Here's from Taibbi's infamous Rolling Stone piece: Obama's Big Sellout I had to search a bit to find it in its entirety. Rolling Stone has disappeared all but a summary.
The "money quotes" or what we got with Obama:
Taken together, the rash of appointments with ties to Bob Rubin may well represent the most sweeping influence by a single Wall Street insider in the history of government. “Rather than having a team of rivals, they’ve got a team of Rubins,” says Steven Clemons, director of the American Strategy Program at the New America Foundation. “You see that in policy choices that have resuscitated — but not reformed — Wall Street.”
While Rubin’s allies and acolytes got all the important jobs in the Obama administration, the academics and progressives got banished to semi-meaningless, even comical roles. [... ]
The significance of all of these appointments isn’t that the Wall Street types are now in a position to provide direct favors to their former employers. It’s that, with one or two exceptions, they collectively offer a microcosm of what the Democratic Party has come to stand for in the 21st century. Virtually all of the Rubinites brought in to manage the economy under Obama share the same fundamental political philosophy carefully articulated for years by the Hamilton Project: Expand the safety net to protect the poor, but let Wall Street do whatever it wants. “Bob Rubin, these guys, they’re classic limousine liberals,” says David Sirota, a former Democratic strategist. “These are basically people who have made shitloads of money in the speculative economy, but they want to call themselves good Democrats because they’re willing to give a little more to the poor. That’s the model for this Democratic Party: Let the rich do their thing, but give a fraction more to everyone else.”
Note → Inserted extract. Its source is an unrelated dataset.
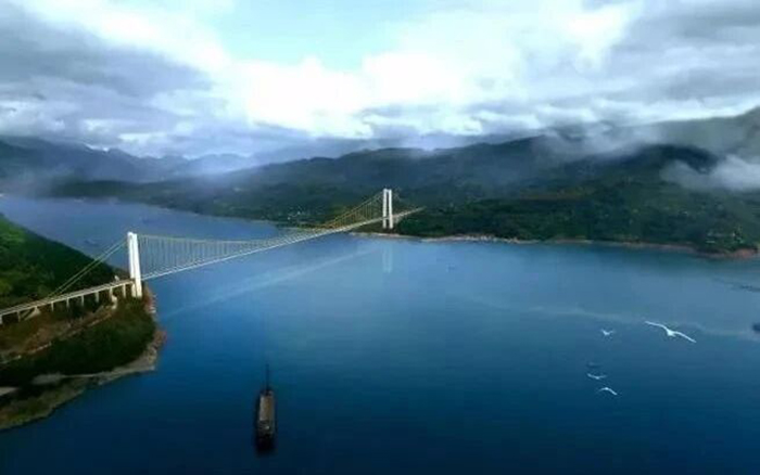 萬州新田長江大橋是三峽庫區在建跨度最大的雙塔單跨鋼箱梁懸索橋,大橋全長1.7公里,一跨過江,主跨1020米,是三峽庫區繼萬利高速駙馬長江大橋之后的又一座千米級懸索橋。

This is our reality under Obama, who cautiously follows the playbook. So it was in 2008 and 2009 and 2010. Now, on the brink of a new year, 2011, will we see the same stasis from the progressive wing of a bird that dont fly... or will we see change?
If your New Year's wish, progressives, is to make change, not just HOPE for it, you had best come to grips with the realization that your wish for serious change will not be granted by Obama or his Democratic party, as it stands, as we have let it stand. If you are serious about change in our political system, you will have to make it. And that means there's some breaking to do. Otherwise, there is no "new" year, only a new number.
So, Happy 2011, everyone! Do with it as you will.